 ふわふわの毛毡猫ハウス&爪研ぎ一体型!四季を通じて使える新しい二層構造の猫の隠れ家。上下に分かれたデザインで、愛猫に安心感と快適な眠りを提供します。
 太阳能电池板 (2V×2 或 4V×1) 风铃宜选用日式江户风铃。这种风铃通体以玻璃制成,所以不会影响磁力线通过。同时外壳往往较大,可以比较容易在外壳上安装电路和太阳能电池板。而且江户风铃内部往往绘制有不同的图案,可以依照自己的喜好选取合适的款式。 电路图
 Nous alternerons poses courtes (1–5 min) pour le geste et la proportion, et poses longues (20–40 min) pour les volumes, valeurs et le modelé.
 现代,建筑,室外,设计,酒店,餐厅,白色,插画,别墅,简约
☆ ☆ ☆ ☆ ☆ ☆ ☆
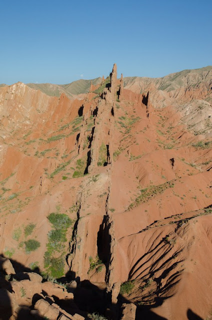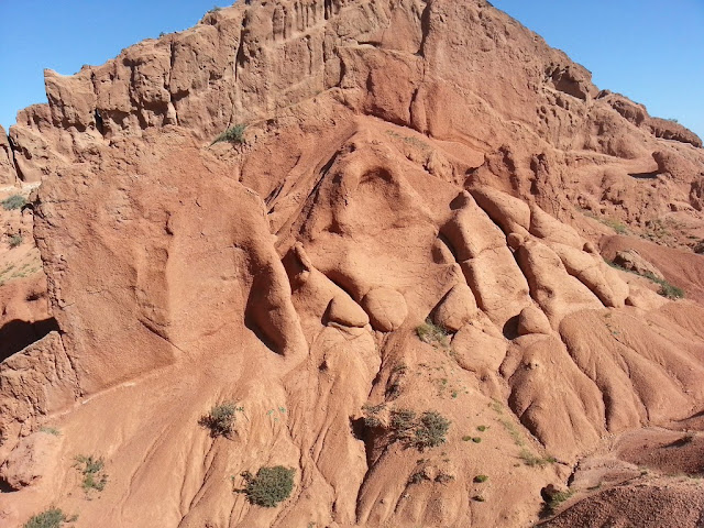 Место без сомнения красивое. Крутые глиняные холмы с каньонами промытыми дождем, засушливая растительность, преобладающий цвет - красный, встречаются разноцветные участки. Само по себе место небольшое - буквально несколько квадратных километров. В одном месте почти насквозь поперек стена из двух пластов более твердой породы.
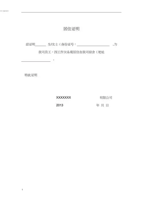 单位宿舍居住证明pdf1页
☆ ☆ ☆ ☆ ☆ ☆ ☆
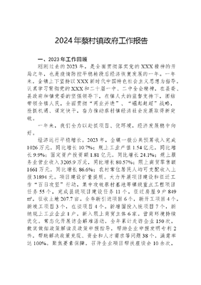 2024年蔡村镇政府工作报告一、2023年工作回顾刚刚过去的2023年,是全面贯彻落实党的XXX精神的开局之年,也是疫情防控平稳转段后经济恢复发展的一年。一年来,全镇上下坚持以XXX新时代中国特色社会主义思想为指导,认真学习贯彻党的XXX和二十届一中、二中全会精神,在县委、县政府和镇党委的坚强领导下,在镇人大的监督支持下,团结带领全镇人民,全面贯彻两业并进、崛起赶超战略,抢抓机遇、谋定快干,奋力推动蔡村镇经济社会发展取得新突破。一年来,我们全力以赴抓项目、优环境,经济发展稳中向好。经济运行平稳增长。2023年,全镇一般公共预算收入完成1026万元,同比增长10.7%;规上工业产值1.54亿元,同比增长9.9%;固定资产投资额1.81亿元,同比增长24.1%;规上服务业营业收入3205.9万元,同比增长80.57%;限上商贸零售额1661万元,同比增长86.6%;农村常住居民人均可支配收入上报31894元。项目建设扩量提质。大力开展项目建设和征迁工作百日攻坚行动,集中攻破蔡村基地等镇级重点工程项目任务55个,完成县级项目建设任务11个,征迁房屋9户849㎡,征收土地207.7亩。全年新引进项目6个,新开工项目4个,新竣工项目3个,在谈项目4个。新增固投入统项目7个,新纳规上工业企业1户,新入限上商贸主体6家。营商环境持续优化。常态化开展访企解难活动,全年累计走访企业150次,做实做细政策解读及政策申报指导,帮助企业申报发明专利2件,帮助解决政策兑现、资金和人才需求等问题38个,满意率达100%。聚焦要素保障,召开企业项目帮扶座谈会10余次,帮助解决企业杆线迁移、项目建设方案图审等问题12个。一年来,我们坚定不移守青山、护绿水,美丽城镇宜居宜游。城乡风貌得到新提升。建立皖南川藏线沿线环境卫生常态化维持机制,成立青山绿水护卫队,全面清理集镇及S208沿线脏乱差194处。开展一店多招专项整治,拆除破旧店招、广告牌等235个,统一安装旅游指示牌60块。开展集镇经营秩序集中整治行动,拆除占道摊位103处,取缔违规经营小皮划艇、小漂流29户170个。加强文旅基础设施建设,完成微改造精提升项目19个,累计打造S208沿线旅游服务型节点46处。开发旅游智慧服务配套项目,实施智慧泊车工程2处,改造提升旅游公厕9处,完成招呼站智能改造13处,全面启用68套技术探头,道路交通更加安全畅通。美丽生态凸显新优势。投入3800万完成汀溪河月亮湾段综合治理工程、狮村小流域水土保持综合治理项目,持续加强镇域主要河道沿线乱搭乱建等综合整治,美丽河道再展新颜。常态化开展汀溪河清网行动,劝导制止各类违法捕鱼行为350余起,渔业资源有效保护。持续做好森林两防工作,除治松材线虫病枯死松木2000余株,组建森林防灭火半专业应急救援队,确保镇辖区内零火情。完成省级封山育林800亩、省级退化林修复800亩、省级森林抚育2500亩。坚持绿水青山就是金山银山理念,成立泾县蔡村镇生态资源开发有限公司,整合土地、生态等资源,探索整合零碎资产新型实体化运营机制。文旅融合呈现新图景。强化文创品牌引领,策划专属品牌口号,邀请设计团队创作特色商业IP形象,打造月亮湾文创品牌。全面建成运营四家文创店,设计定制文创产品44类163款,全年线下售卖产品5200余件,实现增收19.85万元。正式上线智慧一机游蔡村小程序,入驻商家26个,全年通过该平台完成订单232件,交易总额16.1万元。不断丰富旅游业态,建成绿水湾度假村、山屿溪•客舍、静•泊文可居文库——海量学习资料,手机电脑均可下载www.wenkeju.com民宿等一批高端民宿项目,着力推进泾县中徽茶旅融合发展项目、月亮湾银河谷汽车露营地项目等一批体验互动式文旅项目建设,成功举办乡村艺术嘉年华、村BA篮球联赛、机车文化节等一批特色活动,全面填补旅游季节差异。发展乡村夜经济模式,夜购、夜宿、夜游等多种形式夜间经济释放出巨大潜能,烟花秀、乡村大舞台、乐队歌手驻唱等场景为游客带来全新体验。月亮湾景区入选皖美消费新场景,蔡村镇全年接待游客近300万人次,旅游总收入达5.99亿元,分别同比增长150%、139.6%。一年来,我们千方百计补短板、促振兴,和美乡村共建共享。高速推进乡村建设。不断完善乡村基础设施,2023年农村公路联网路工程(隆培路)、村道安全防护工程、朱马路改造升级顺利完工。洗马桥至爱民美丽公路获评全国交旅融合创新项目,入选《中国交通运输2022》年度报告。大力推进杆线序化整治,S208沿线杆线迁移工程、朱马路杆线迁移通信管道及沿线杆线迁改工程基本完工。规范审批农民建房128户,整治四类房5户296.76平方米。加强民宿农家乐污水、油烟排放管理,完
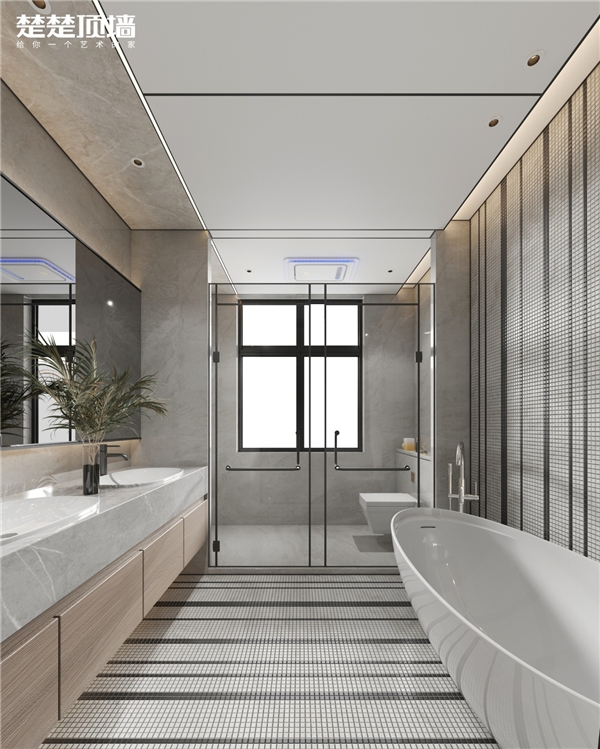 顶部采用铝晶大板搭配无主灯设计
☆ ☆ ☆ ☆ ☆ ☆ ☆
> **WHAT NEEDS TO BE DONE**: Write out, from the lines above, only those from the line with "太阳能电池板 (2V×2 或" to the line with "现代,建筑,室外,设计,酒店,餐厅,白色,插画,别墅,简约", exactly as given, including the first and the last.

> **SOLVED EXERCISE**:
 太阳能电池板 (2V×2 或 4V×1) 风铃宜选用日式江户风铃。这种风铃通体以玻璃制成,所以不会影响磁力线通过。同时外壳往往较大,可以比较容易在外壳上安装电路和太阳能电池板。而且江户风铃内部往往绘制有不同的图案,可以依照自己的喜好选取合适的款式。 电路图
 Nous alternerons poses courtes (1–5 min) pour le geste et la proportion, et poses longues (20–40 min) pour les volumes, valeurs et le modelé.
 现代,建筑,室外,设计,酒店,餐厅,白色,插画,别墅,简约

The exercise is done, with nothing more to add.